Scientists have uncovered a surprising piece of the puzzle in the evolution of flight: a tiny wrist bone in certain dinosaurs that may have helped set the stage for birds to take to the skies.
A new study led by Dr. James Napoli of Stony Brook University reveals that two types of theropod dinosaurs had a special wrist bone called the pisiform.
This bone is known to be important for flight in birds today, but until now, researchers believed it was missing in non-bird dinosaurs.
The discovery, published in Nature, suggests that changes in wrist anatomy may have played a key role in the origin of flight—possibly even more than feathers or wings themselves.
The pisiform bone in birds is small but critical. It helps support the wing and makes it possible for birds to automatically fold their wings when they bend their elbows.
Its distinctive V-shaped notch also keeps the hand bones stable during flight.
This bone originally evolved as a type of sesamoid bone, like the kneecap, but in birds, it shifted positions and replaced another wrist bone called the ulnare.
Dr. Napoli and his team studied fossils of two theropods: a troodontid, a birdlike raptor similar to Velociraptor, and an oviraptorid, a feathered, beaked dinosaur.
Thanks to exceptionally well-preserved fossils and high-resolution CT scans, the researchers were able to digitally isolate the wrist bones and identify the pisiform in a new, migrated position—previously believed to be unique to birds.

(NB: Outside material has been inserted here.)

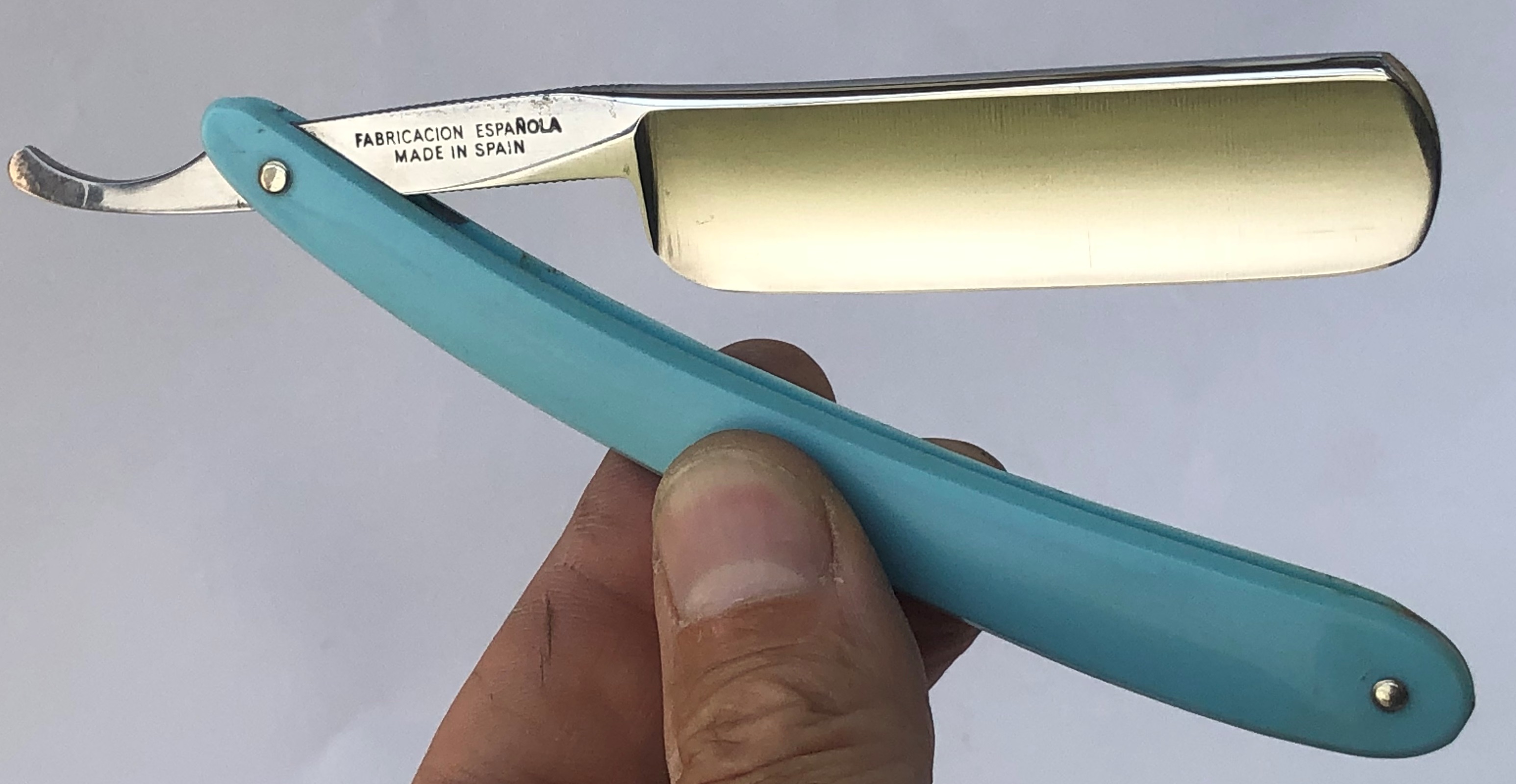 С большой долей вероятности могу сказать, что бритва именно советская и не рукодельная, а именно изготовлена на производстве.Забыл сделать фото оригинальных пинов, но те пины что стояли до косметических работ были именно как на Вачах и Стизах до и после военного периода. Т.е. медные расклепанные штифты, без шайб.По крайней мере я не помню, чтобы на импортных бритвах кто то и когда то ставил такие штифты, а не пины.Оправа напоминает Вачские и Стизовские бритвы 40-х годов, а сама форма клинка, с такой парикмахерской выемкой, очень похожа на стизовский "Спорт", а "горбатый" обушок на "Спартак".С другой стороны я специально сделал фото насечек на клинке, где они выполнены не так четко, как на заводских советских бритвах.За 10 лет мне попадалось несколько безымянных советских бритв, произведенных вот так качественно , а никак не кустарно.Сужу с точки зрения заточника, что качество стали ничем не отличается от качества советских бритв 40-х годов.Такая же плотная, тяжёлая и не сухая в заточке углеродка. Идеальная геометрия клинка:кромочка равномерна по всей длине.

This is the first time that a migrated pisiform has been found in a non-bird meat-eating dinosaur. Dr. Napoli believes this shift in bone position may have been a critical step in the evolution of flight.
Interestingly, these wrist changes appear only in a group of dinosaurs known as Pennaraptora, which includes dromaeosaurids like Velociraptor, as well as troodontids and oviraptorosaurs.
This group is known for many birdlike traits, including feathers and wings, and is thought to include some species that experimented with different forms of flight.
The researchers say it’s still unclear how many times flight evolved in dinosaurs—possibly two or even five separate times—but the new findings suggest that the wrist bone change came first. That structural shift may have enabled the complex arm and wing movements needed for flying.
As scientists continue to study the fine details of dinosaur bones, especially the wrist, they’re uncovering more evidence that bird features evolved step by step—and that what we think of as “bird bones” were already taking shape in their dinosaur ancestors.